Tolong belikan kopi di warung Mak Inten! Sebentar lagi bapakmu pulang.”
Aku
menoleh pada Ibu yang sedang sibuk menyiangi kangkung. Sedetik kemudian kutatap
penggorengan panas di depanku, masih ada beberapa menjes kacang di dalamnya.
“Lah,
ini menjes-nya bagaimana?” gumamku.
“Sudah,
tinggalkan dulu,” Ibu beranjak dari duduknya.
Tak
ada hal lain yang bisa kulakukan kecuali menerima uang dari Ibu dan beranjak
pergi.
“Kopinya
setengah lusin saja.”
Masih
kudengar pesan dari Ibu sebelum pintu depan tertutup di belakang punggungku.
____
Aku
berpapasan dengan becak Bapak di pertengahan gang.
“Mau
ke mana, le?” Bapak menghentikan
sejenak becaknya.
“Warung
Mak Inten, Pak,” jawabku. “Disuruh Ibu beli kopi.”
“Wooh..”
Bapak
kemudian melanjutkan lagi kayuhannya pada pedal becak dan beberapa langkah ke
depan aku sudah sampai di warung Mak Inten. Segera kusebutkan apa yang harus
kubeli, dan Mak Inten melayaninya dengan cepat.
Ketika
aku berbalik masih sempat kudengar bisikan Bulik Narmi, salah seorang
tetanggaku, “Joko-nya si Jum itu lho,
sudah ganteng, pinter, nurut lagi sama orang tua. Coba anakku ada yang
perempuan, sudah ta’pesen jadi
mantu.” Dan Mak Inten terkikik menanggapinya.
Astaga...
Ibu-ibu ini...
Aku
mempercepat langkahku. Meninggalkan rumpian ibu-ibu di warung Mak Inten. Bapak
tentunya sudah sampai di rumah dan menunggu kopi kedua untuk hari ini.
____
Bapak
memang penyuka kopi. Pagi-pagi, sebelum mulai narik becak, Bapak selalu menyeruputnya secangkir dengan nikmatnya.

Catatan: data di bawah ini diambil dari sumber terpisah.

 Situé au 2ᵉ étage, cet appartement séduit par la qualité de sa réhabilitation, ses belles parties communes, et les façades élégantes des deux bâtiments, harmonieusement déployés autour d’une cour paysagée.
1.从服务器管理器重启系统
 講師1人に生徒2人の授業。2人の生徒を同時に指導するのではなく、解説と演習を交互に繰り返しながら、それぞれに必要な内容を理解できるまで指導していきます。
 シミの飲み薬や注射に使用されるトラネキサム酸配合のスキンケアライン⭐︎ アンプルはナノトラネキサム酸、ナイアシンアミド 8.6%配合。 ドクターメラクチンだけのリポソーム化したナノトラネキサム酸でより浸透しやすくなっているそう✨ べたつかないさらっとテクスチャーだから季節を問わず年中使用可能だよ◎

Bapak lebih suka kopi yang sudah dikemas bersama gulanya. Merknya harus Pesawat
Terbang, tak mau merk yang lain. Apalagi kopi eceran yang bisa dibeli per ons.

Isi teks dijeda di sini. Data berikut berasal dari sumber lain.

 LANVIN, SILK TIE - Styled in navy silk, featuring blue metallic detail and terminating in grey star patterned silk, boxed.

Kopi jitu. Siji-Pitu. Satu-Tujuh.
Kopi murah yang katanya campuran dengan perbandingan satu butir kopi dengan
tujuh butir jagung yang digiling bersama.
Menjelang
siang, Bapak ngopi lagi. Hal itu dilakukannya sebelum mengangkut semua bahan
rujak cingur yang akan diracik Ibu ke warung yang letaknya di seberang mulut
gang sebelah. Setelah itu Bapak akan narik becak lagi sampai sore.
Saat
pulang, sesudah mandi, Bapak akan ngopi lagi. Begitulah ritual yang berlangsung
setiap hari.
Kesibukan
Ibu menyiapkan bahan rujak cingur membuat Ibu tak sempat memasak lagi untuk
makan kami sehari-hari. Ibu hanya sempat memasak nasi saja. Jadilah warung Bu
Seto di mulut gang menjadi langganan kami sehari-hari untuk mendapatkan sayur
dan lauk siap dimakan.
Bapak
tak pernah protes. Sikap nrimo Bapak
membuatku belajar bersyukur atas apa yang kuperoleh sehari-harinya. Masih bisa
cukup makan, bisa bernaung di bawah atap sebuah rumah mungil yang terasa hangat
setiap harinya, masih bisa bersekolah di sekolah yang cukup bagus, walau untuk
itu aku tahu Bapak dan Ibu bekerja sekeras-kerasnya.
Bapak
hanya akan menggerundel sedikit kalau telat ngopi. Tapi tak pernah sampai
berlarut-larut karena Ibu selalu dengan sigap memenuhi kebutuhan Bapak untuk
ngopi.
____
Aku
heran ketika sampai di rumah. Bapak sudah duduk di depan meja besar di dapur
sambil memasukkan lontong ke dalam keranjang sambil ngopi.
“Lah,
itu masih ada kopi?” celetukku.
“Iya..,”
Ibu tertawa pendek. “Masih ada satu bungkus, nyelip di dekat toples gula.”
Aku
menutup kotak-kotak plasik berisi tempe, tahu, dan menjes goreng, kemudian menumpuknya di atas kotak tertutup berisi
cingur. Tampaknya semua sudah siap untuk diangkut ke warung.
“Beres-beres
ya, le?” ucap Ibu sebelum menyusul
langkah Bapak. “Setelah itu beli sayur dan lauk. Uangnya ambil dulu di warung.”
Aku
mengangguk.
Hari
Minggu begini memang sudah tugasku untuk membereskan segala kekacauan yang
ditinggalkan Ibu. Kubenahi semua kantong kresek bekas yang berisi semua sampah.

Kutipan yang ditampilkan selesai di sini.